Wenn Sie lieber mit WP-CLI arbeiten, können Sie dafür den offiziell do­ku­men­tier­ten Befehl wp search-replace verwenden. Führen Sie den Befehl zunächst mit dem Flag --dry-run aus, um eine Vorschau der Än­de­run­gen zu erhalten, ohne die Datenbank tat­säch­lich zu verändern. Emp­feh­lens­wert ist außerdem der Flag --skip-columns=guid, damit die GUID-Spalte der Beiträge nicht ver­se­hent­lich geändert wird. Mit --precise erzwingen Sie eine gründ­li­che­re PHP-basierte Ver­ar­bei­tung, was besonders bei komplexen oder se­ria­li­sier­ten Daten hilfreich sein kann, al­ler­dings langsamer ist.
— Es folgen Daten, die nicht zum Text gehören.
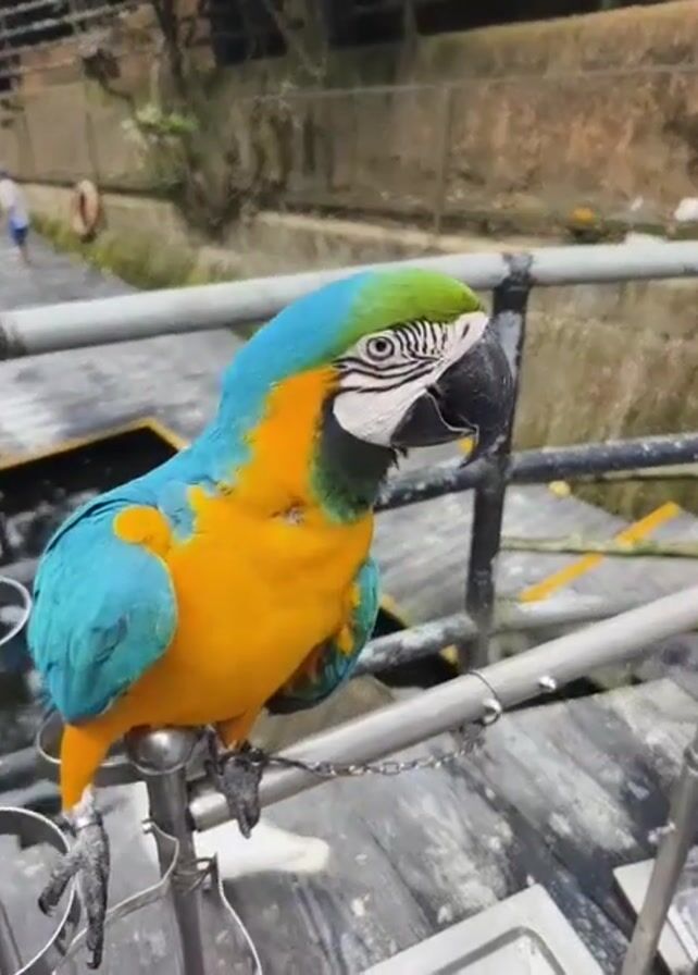 A blue and yellow macaw is perched on a silver metal railing in an outdoor area. The parrot's head is mostly blue with a green patch on top, and it has a black beak. Its body is bright yellow with blue wings. The railing is part of a structure that appears to be over a body of water, with a walkway and other structures visible in the background. In the distance, there are a few blurry figures of people walking. The scene is captured with a slightly shaky camera movement, providing a close-up view of the parrot.

wp search-replace 'https://ihre-live-domain.de' 'http://localhost/wp-testumgebung' --skip-columns=guid --precise --dry-run
bash

Wenn die an­ge­zeig­te Anzahl der Er­set­zun­gen plausibel ist, führen Sie den Befehl ohne --dry-run erneut aus, um die Än­de­run­gen tat­säch­lich zu speichern.
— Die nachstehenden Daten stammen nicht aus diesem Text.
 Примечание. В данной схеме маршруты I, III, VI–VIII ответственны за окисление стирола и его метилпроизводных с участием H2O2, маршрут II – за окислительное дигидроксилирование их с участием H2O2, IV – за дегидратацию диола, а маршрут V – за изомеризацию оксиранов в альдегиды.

wp search-replace 'https://ihre-live-domain.de' 'http://localhost/wp-testumgebung' --skip-columns=guid --precise
bash

Nachdem alle URLs angepasst wurden, sollten Sie die Per­ma­links einmal neu speichern:

  1. Öffnen Sie in Ihrer lokalen WordPress-In­stal­la­ti­on den Bereich „Ein­stel­lun­gen“ → „Per­ma­links“.
  2. Speichern Sie die aktuell gewählte Permalink-Struktur erneut.

Dadurch werden die Rewrite-Regeln ak­tua­li­siert. Es ist in der Regel nicht nötig, die Permalink-Struktur dafür manuell auf „Bei­trags­na­me“ um­zu­stel­len. Ent­schei­dend ist, dass die vor­han­de­ne Struktur einmal neu ge­spei­chert wird.
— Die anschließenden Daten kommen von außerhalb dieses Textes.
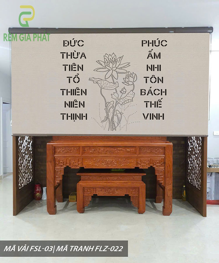 Rèm cuốn che bàn thờ khắc laze họa tiết hoa sen RKBT-1281
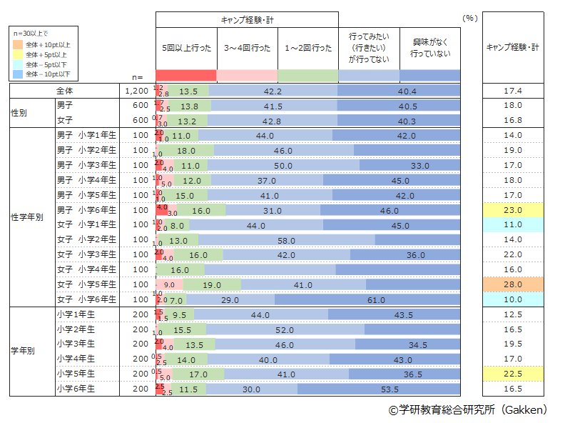 「行ってみたいが行っていない」は小学生全体では42.2%あり、経験した小学生17.4%と合わせると、59.6%で約6割となる。この割合は男女でほとんど変わらない。この59.6%をキャンプに関心のある小学生とすると、実際に経験しているのは17.4%なので、関心のある層の29.2%、約3割が実際キャンプに行っていることになる。

Schritt 10: Lokale WordPress-In­stal­la­ti­on verwenden

Um die lokale WordPress-In­stal­la­ti­on zu verwenden, sind folgende Schritte nötig:

  1. Starten Sie das Programm XAMPP Control Panel.
  2. Starten Sie Apache und MariaDB (im Control Panel als „MySQL“ be­schrif­tet).
  3. Rufen Sie Ihre lokale Website im Browser auf, zum Beispiel unter http://localhost/wp-testumgebung/
  4. Für den Admin-Bereich verwenden Sie ent­spre­chend http://localhost/wp-testumgebung/wp-admin

Danach können Sie Ihre lokale WordPress-In­stal­la­ti­on wie gewohnt verwenden. Falls die Website lokal nicht korrekt funk­tio­niert, prüfen Sie zu­sätz­lich folgende Punkte:

  • Wurden wirklich alle Vorkommen der Live-URL ersetzt?
  • Sind Caching-Plugins aktiv, die noch alte Pfade verwenden?
  • Gibt es Wei­ter­lei­tun­gen in .htaccess oder in Plugin-Ein­stel­lun­gen, die noch auf die Live-Domain zeigen?
  • Werden externe Res­sour­cen weiterhin von der Live-Seite geladen?

Gerade nach einer Migration in eine lokale Umgebung sind diese Punkte typische Feh­ler­quel­len.